What you need to do:
I need the lines from the one holding "Das ist nicht" to the last line of the data below repeated exactly, both included, without pictures.

Stored dataset items
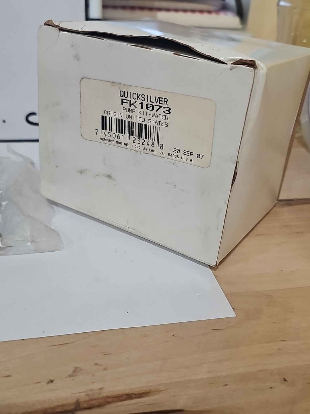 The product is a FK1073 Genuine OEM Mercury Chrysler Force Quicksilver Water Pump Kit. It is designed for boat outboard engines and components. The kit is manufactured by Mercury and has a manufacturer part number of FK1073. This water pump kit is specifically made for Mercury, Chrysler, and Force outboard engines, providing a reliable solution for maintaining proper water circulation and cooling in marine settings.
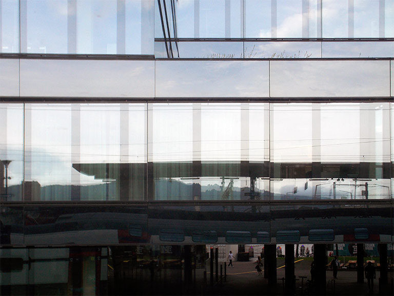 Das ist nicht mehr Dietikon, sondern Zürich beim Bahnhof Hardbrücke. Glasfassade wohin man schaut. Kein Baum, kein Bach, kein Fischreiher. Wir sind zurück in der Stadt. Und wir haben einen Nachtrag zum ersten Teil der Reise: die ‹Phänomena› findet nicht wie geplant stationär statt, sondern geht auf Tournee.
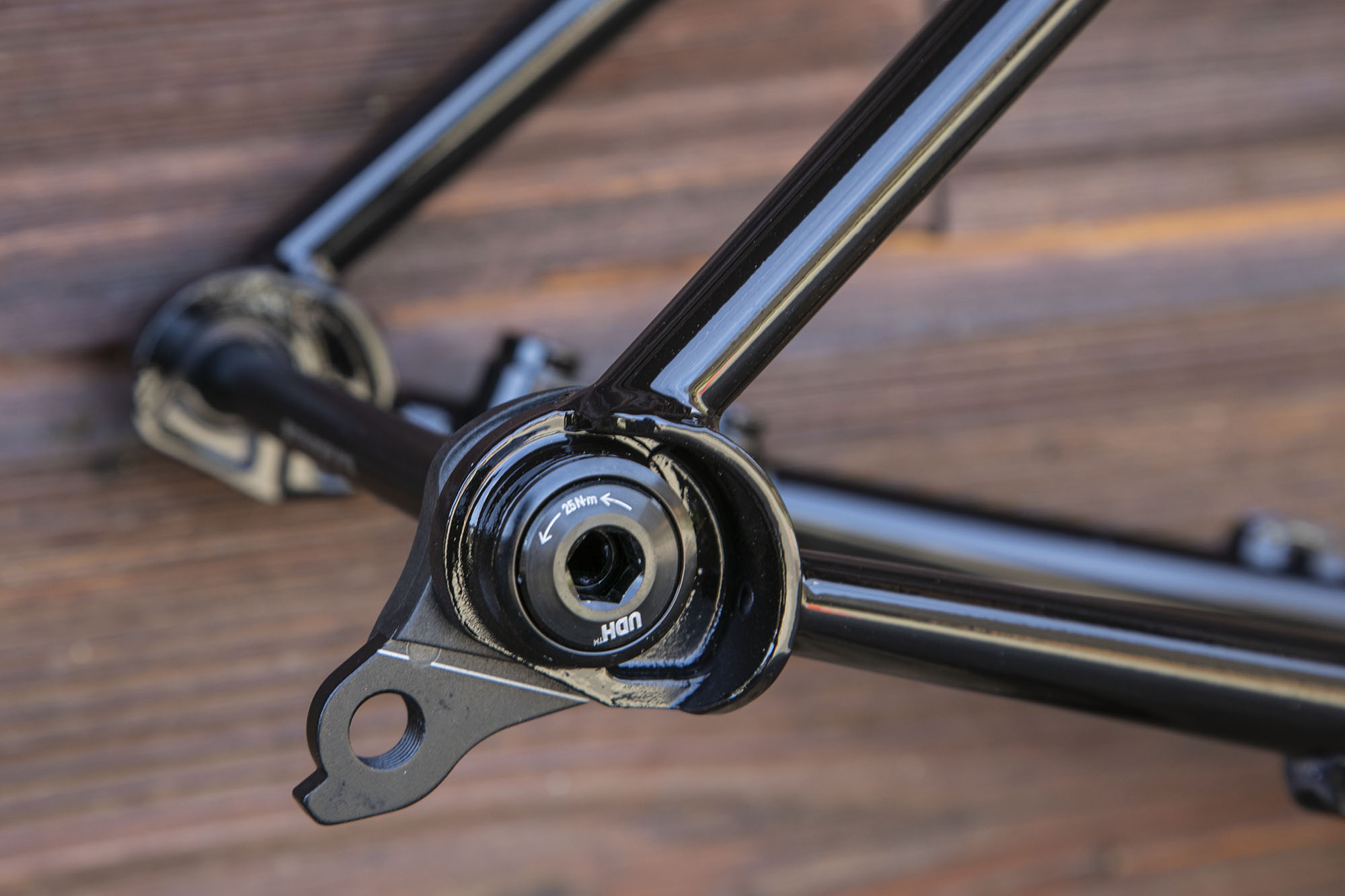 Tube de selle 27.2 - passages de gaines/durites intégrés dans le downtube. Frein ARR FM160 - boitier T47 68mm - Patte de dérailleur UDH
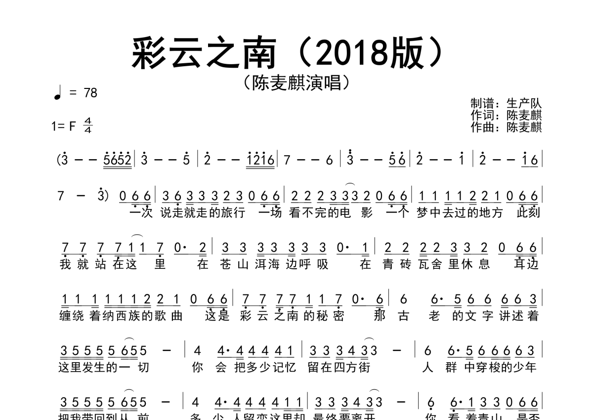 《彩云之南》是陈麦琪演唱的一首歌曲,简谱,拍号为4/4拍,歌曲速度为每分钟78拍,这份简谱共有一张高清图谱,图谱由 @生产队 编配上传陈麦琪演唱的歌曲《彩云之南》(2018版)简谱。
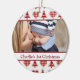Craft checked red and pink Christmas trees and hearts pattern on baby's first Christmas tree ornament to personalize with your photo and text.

Expected answer:
 Das ist nicht mehr Dietikon, sondern Zürich beim Bahnhof Hardbrücke. Glasfassade wohin man schaut. Kein Baum, kein Bach, kein Fischreiher. Wir sind zurück in der Stadt. Und wir haben einen Nachtrag zum ersten Teil der Reise: die ‹Phänomena› findet nicht wie geplant stationär statt, sondern geht auf Tournee.
 Tube de selle 27.2 - passages de gaines/durites intégrés dans le downtube. Frein ARR FM160 - boitier T47 68mm - Patte de dérailleur UDH
 《彩云之南》是陈麦琪演唱的一首歌曲,简谱,拍号为4/4拍,歌曲速度为每分钟78拍,这份简谱共有一张高清图谱,图谱由 @生产队 编配上传陈麦琪演唱的歌曲《彩云之南》(2018版)简谱。
Craft checked red and pink Christmas trees and hearts pattern on baby's first Christmas tree ornament to personalize with your photo and text.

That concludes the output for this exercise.